CHAPTER 37

Dr. Naomi Wise put on her reading glasses and looked at the “paper” on the computer in front of her. “How Tobacco Perverted Science to Sell and Profit Off Addiction and Death in African American Households.” Not the most original of titles, but the student, a freshman in her Sociology Class at Howard University, certainly took a stance right from the opening. The girl had receipts.

She smiled. She liked the summer semesters. She saw some of the best work from students in these truncated semesters. She also liked working in her office on weekends. It wasn’t unusual for her to be in her office on Sundays and holidays.

Dr. Wise was renowned in her field. She could teach anywhere. She chose Howard, her own alma mater. Howard University was as much a part of her self-identity as her own family. She’d been slightly disappointed when her granddaughter, Camille, had chosen Mary Washington University over Howard thirteen years prior, but the girl had been raised by her mother after all. Gwen Wise had never seen eye to eye with her learned mother-in-law. After Jameel had been killed in Afghanistan, Naomi had seen less and less of her granddaughter until the relationship was reduced to holiday telephone calls. Naomi sighed. She knew she was equally to blame, but it felt better to blame Gwen.

Uncertain as to why she was thinking of her granddaughter at that moment, she refocused on the paper in front of her. The student, Jameka Bradley, had included memorandums from Bowen Tobacco, dating decades back, all pushing the agenda to suppress scientific evidence about the addictiveness of nicotine. There was nothing new in them. This had all been exposed in several lawsuits over the last few decades, but this was an introductory sociology class, and Naomi was impressed with Jameka’s thoroughness and resourcefulness.

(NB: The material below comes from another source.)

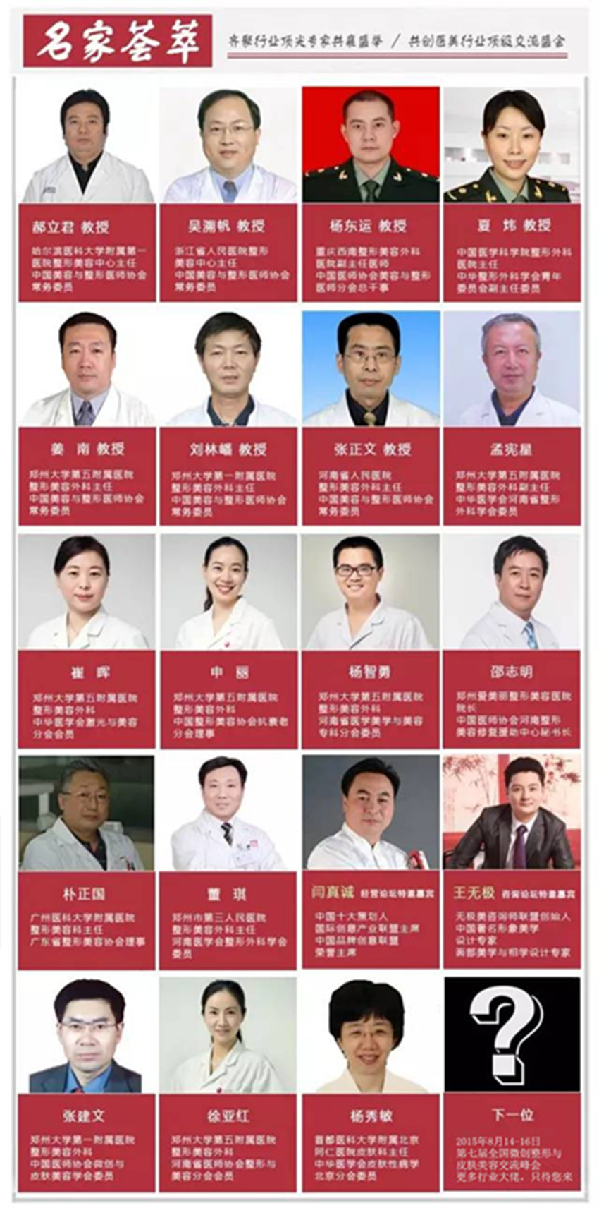 應(yīng)邀出席此次大會(huì)的不僅有眾多國(guó)內(nèi)知名教授,還有來自國(guó)外的頂級(jí)專家。本次會(huì)議將從不同角度、不同層面展現(xiàn)國(guó)內(nèi)外美容、整形方面的新技術(shù)、新進(jìn)展,同時(shí)會(huì)議還將分別就激光美容、運(yùn)營(yíng)管理、咨詢營(yíng)銷等方面進(jìn)行全面、深入的交流和研討。為醫(yī)美界廣大醫(yī)師和同行提供了良好的學(xué)習(xí)交流和溝通的平臺(tái)。

One memo caught her attention and turned her focus back to her granddaughter. It mentioned a contract with Moore Robotics in Chicago. Isn’t that where Camille’s husband is working?

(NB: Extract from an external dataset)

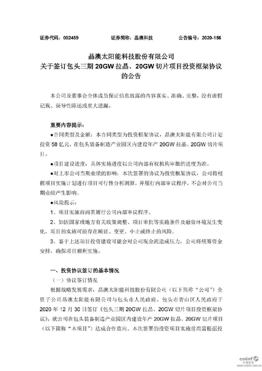 12月30日,晶澳太阳能有限公司与包头市政府、青山区政府签订晶澳包头基地(三期)20GW拉晶和20GW切片项目框架协议。晶澳科技董事、执行总裁牛新伟博士出席仪式并代表晶澳签约。

She opened her email and shot a quick note to Jameka. “I’m very impressed with your research. I’m curious about a memo you referenced dated September 1, 1998. Would you be available to review your source material this afternoon? I’d like to see the original memorandum.”

Within minutes, Jameka had replied she’d be delighted and would be available at 12:30 pm.

Naomi penciled the girl in and called her granddaughter.